Julio, 65, pensionierter Lehrer

Julio
Julio ist mit Topf und Fleischhammer bewaffnet. Bei den "Cacerolazos" schlagen die Demonstranten auf Töpfe und Pfannen, um Krach zu machen

"Ich gehe für meine Enkel auf die Straße. Meine Generation und die meiner Kinder ist schon am Arsch. Mein Sohn ist 43 und zahlt noch immer seinen Studienkredit zurück. Als Lehrer an einer staatlichen Schule verdient man mit Glück 300.000 Pesos (360 Euro, Anm. der Red.) im Monat; das ist weniger, als der Platz in einem guten Kindergarten kostet.

Das neoliberale System ist pervers. Es macht die Armen immer ärmer und die Reichen noch reicher. Gleichheit existiert in unserem Land nicht. Wir brauchen eine neue Verfassung!"

Camila, 21, Kunststudentin

Eine Demonstrantin in Chile
"Die Oase Lateinamerikas" – Camilas Banner spielt auf ein Zitat des Präsidenten an, mit dem dieser noch kurz vor Ausbruch der Unruhen sein Land beschrieben hatte

"Als Frau, die sich bisher mit keiner sexuellen Orientierung identifizieren kann, fühle ich mich von der Gesellschaft ins Abseits geschoben. Ich habe fast mein ganzes Leben Diskriminierung und verschiedene Arten von Gewalt erlebt. Die herrschende Klasse versucht, alles zu verdecken. Frauen sind längst nicht die einzigen Opfer.

Meine heutige Performance macht sichtbar, was während der Ausgangssperre auf einer Polizeiwache geschah: Festgenommene Demonstranten wurden dort 'gekreuzigt' (Die Staatsanwaltschaft untersucht den Vorfall, bei dem laut des Nationalen Instituts für Menschenrechte vier Personen mit ihren Handschellen an einer Antenne aufgehängt wurden, Anm. der Red.). Es reicht! Wir lassen uns nicht mehr so behandeln! Wir brauchen einen sozialen Wandel, und jeder Einzelne muss bei sich selbst anfangen."

Claudia, 29, angehende Juristin

Claudia
"TPP11? Dann lutsch ihn doch!!!" – Claudia demonstriert auch gegen Chiles Unterzeichnung des Handelsabkommens TPP

"Seitdem die Schülerinnen und Schüler aus Protest gegen die Fahrpreiserhöhung der Metro kollektiv schwarzgefahren sind, bin ich bei den Protesten dabei. Wir Chilenen und Chileninnen sind aus unserem Schlaf erwacht, merken endlich, dass das Volk viel mehr Macht hat als der Staat.

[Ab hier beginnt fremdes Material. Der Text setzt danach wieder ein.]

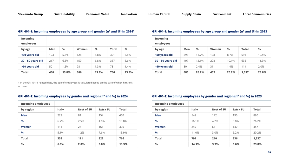 Stevanato Group Sustainability Economic Value Innovation Human Capital Supply Chain Environment Local Communities 1 GRI 401-1: Incoming employees by age group and gender (n° and %) in 2024 GRI 401-1: Incoming employees by age group and gender (n° and %) in 2023 Incoming Incoming employees employees by age Men % Women % Total % by age Men % Women % Total % <30 years old 193 5.8% 128 5.8% 321 5.8% <30 years old 393 11.7% 198 8.7% 591 10.5% 30 – 50 years old 217 6.5% 150 6.8% 367 6.6% 30 – 50 years old 407 12.1% 228 10.1% 635 11.3% >50 years old 50 1.5% 28 1.3% 78 1.4% >50 years old 80 2.4% 31 1.4% 111 2.0% Total 460 13.8% 306 13.9% 766 13.9% Total 880 26.2% 457 20.2% 1,337 23.8% 1 In the GRI 401-1 related data, the age of employees is calculated based on the date of when hire/exit occurred. GRI 401-1: Incoming employees by gender and region (n° and %) in 2024 GRI 401-1: Incoming employees by gender and region (n° and %) in 2023 Incoming employees Incoming employees by region Italy Rest of EU Extra EU Total by region Italy Rest of EU Extra EU Total Men 222 84 154 460 Men 542 142 196 880 % 6.7% 2.5% 4.6% 13.8% % 16.1% 4.2% 5.8% 26.2% Women 111 27 168 306 Women 249 68 140 457 % 5.1% 1.2% 7.6% 13.9% % 11.0% 3.0% 6.2% 20.2% Total 333 111 322 766 Total 791 210 336 1,337 % 6.0% 2.0% 5.8% 13.9% % 14.1% 3.7% 6.0% 23.8% 60

Was wir gerade auf Chiles Straßen sehen, nennt man Demokratie. Die Menschen drücken aus, was ihnen nicht gefällt. Unsere Gesetze fördern offensichtlich soziale Ungerechtigkeit. Mitten während der Proteste hat die Regierung die TPP (die Transpazifische Partnerschaft) abgesegnet. Jetzt wird sogar unser Umweltschutz durch internationale Firmen privatisiert."